東京裁判で絞首刑を宣告された7人のA級戦犯のうち、ただ一人の文官であった元総理、外相広田弘毅。戦争防止に努めながら、その努力に水をさし続けた軍人たちと共に処刑されるという運命に直面させられた広田。そしてそれを従容として受け入れ一切の弁解をしなかった広田の生涯を、激動の昭和史と重ねながら抑制した筆致で克明にたどる。毎日出版文化賞・吉川英治文学賞受賞。
評価:★★★★☆
外交官としてキャリアを積み、外務大臣、総理大臣と歴任し、
戦争の渦中において戦争の防止に努力し続けたにもかかわらず
東京裁判で処刑された廣田弘毅。
本作はその伝記小説である。
まず歴史と言う事実がある。
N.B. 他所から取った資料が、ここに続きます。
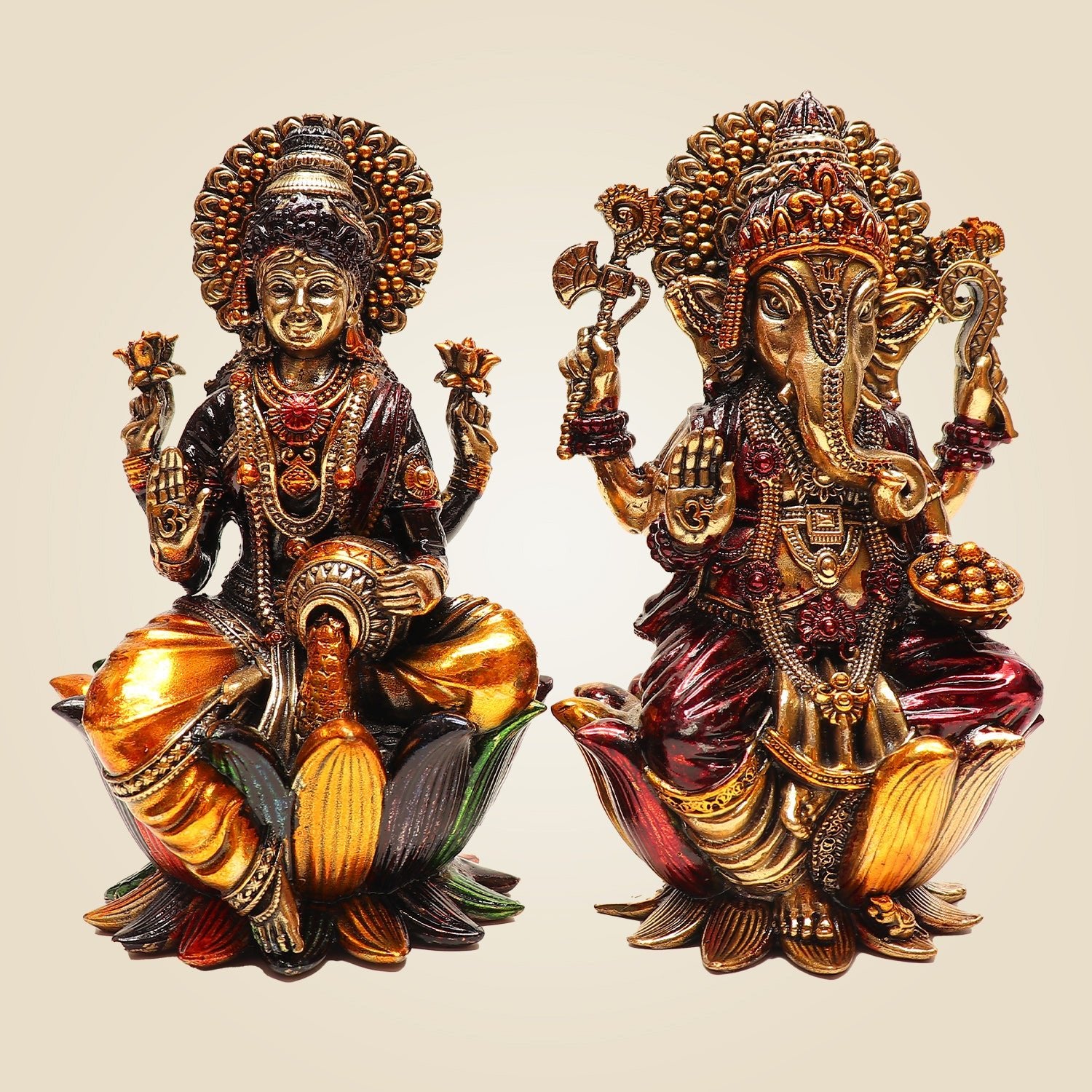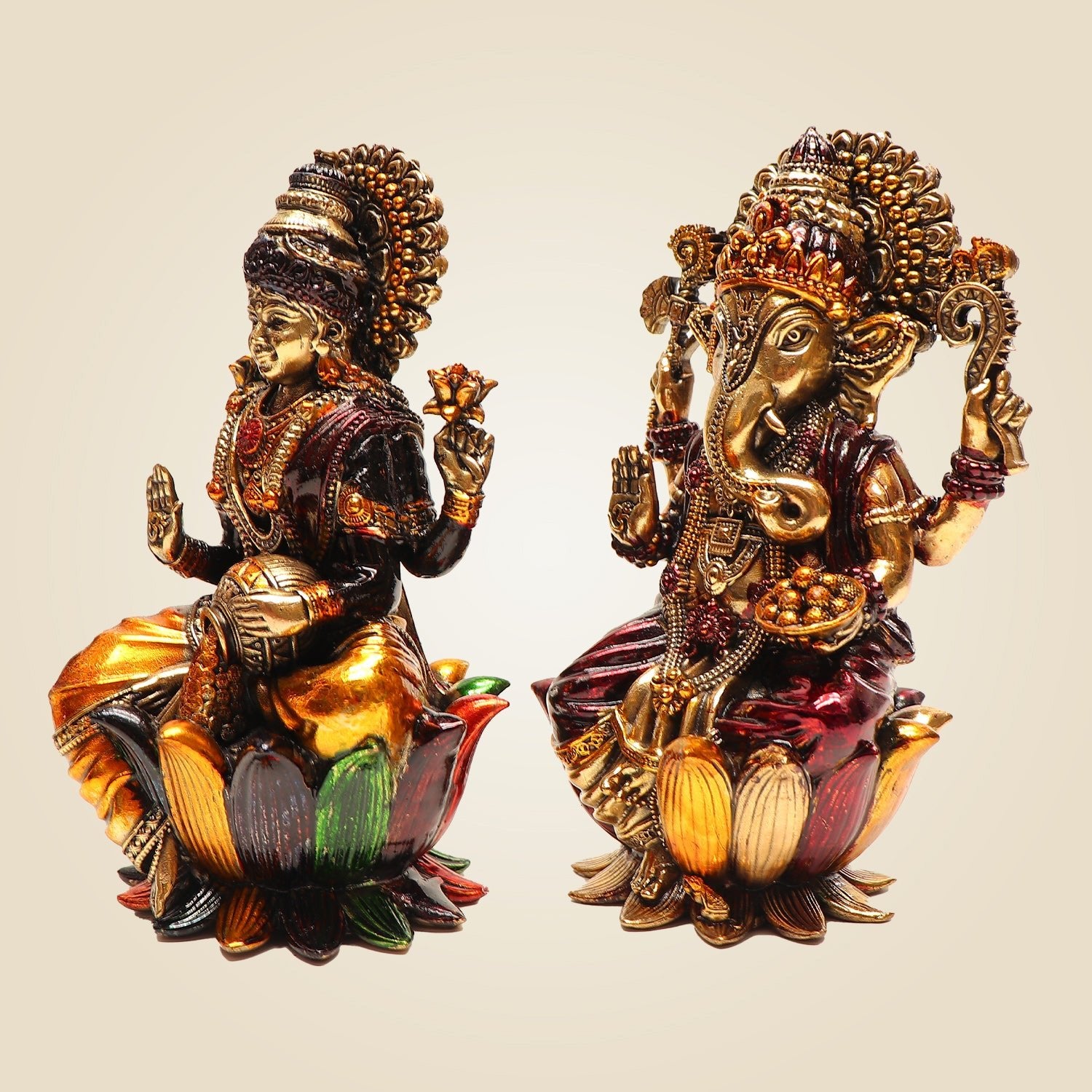 Pure Brass Lakshmi Ganesh Set 6" – Lightweight Handcrafted Idols on Lotus Base

その事実にいたる背景がある。
歴史は常に未来にしか評価されない。
私たちが過去や歴史を可能な限り正しく評価するためには
多くの資料と当時の状況を鑑み「当時の視点」で考えなければならない。
本作を読む限り、廣田は今現在の我々が知る日本の戦争を回避しようとした。
その努力や使命感には深く感動を覚える。
日本人は本来このように思慮深く、温情があり、「自ら計らわぬ」生き方をしていた。
それは美学である。公人として生きるということに強い意義を持っていた廣田。
東京裁判において戦犯からもっとも遠い存在にあったはずの廣田は
「自ら計らわぬ」生き方を突き通し、自らの弁護を一切しなかった。
尋常な精神力ではない。そして、その覚悟を強く受け止めた妻、静子。
僕は日本人が最も美しい信念を持っていたのは大正時代だと思っている。
自分の祖父母は生き方や物事の捉え方には深い潔さがある。
日本という国において戦争は不幸だった。
しかし人々のすべてが狂っていたわけではない。
『落日燃ゆ』は真摯な日本人のあるべき姿を廣田弘毅を通じて感じさせてくれる。